Copyright © 2005 by The American Association of Immunologists

Absence of Recipient CCR5 Promotes Early and Increased Allospecific Antibody Responses to Cardiac Allografts 1

Hiroyuki Amano*,§, Alice Bickerstaff, Charles G. Orosz, Andrew C. Novick*, Hiroshi Toma§ and Robert L. Fairchild2,*,{dagger},{ddagger}

* Glickman Urological Institute and {dagger} Department of Immunology, Cleveland Clinic Foundation, Cleveland, OH 44195; {ddagger} Department of Pathology, Case Western Reserve University School of Medicine, Cleveland, OH 44106; § Department of Urology, Tokyo Women’s Medical School, Tokyo, Japan; and Department of Surgery, Transplantation Division, Ohio State University College of Medicine, Columbus, OH 43210

Acute rejection is mediated by T cell infiltration of allografts, but mechanisms mediating the delayed rejection of allografts in chemokine receptor-deficient recipients remain unclear. The rejection of vascularized, MHC-mismatched cardiac allografts by CCR5–/– recipients was investigated. Heart grafts from A/J (H-2a) donors were rejected by wild-type C57BL/6 (H-2b) recipients on day 8–10 posttransplant vs day 8–11 by CCR5–/– recipients. When compared with grafts from wild-type recipients, however, significant decreases in CD4+ and CD8+ T cells and macrophages were observed in rejecting allografts from CCR5-deficient recipients. These decreases were accompanied by significantly lower numbers of alloreactive T cells developing to IFN-{gamma}-, but not IL-4-producing cells in the CCR5–/– recipients, suggesting suboptimal priming of T cells in the knockout recipients.
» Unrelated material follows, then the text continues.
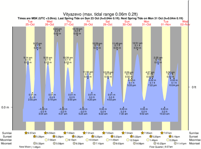 Tide Times are MSK (UTC +3.0hrs). Last Spring High Tide at Vityazevo was on Thu 18 Dec (height: 0.04m 0.1ft). Next high Spring Tide at Vityazevo will be on Wed 24 Dec (height: 0.04m 0.1ft).

CCR5 was more prominently expressed on activated CD4+ than CD8+ T cells in the spleens of allograft wild-type recipients and on CD4+ T cells infiltrating the cardiac allografts. Rejecting cardiac allografts from wild-type recipients had low level deposition of C3d that was restricted to the graft vessels. Rejecting allografts from CCR5–/– recipients had intense C3d deposition in the vessels as well as on capillaries throughout the graft parenchyma similar to that observed during rejection in donor-sensitized recipients. Titers of donor-reactive Abs in the serum of CCR5–/– recipients were almost 20-fold higher than those induced in wild-type recipients, and the high titers appeared as early as day 6 posttransplant. These results suggest dysregulation of alloreactive Ab responses and Ab-mediated cardiac allograft rejection in the absence of recipient CCR5.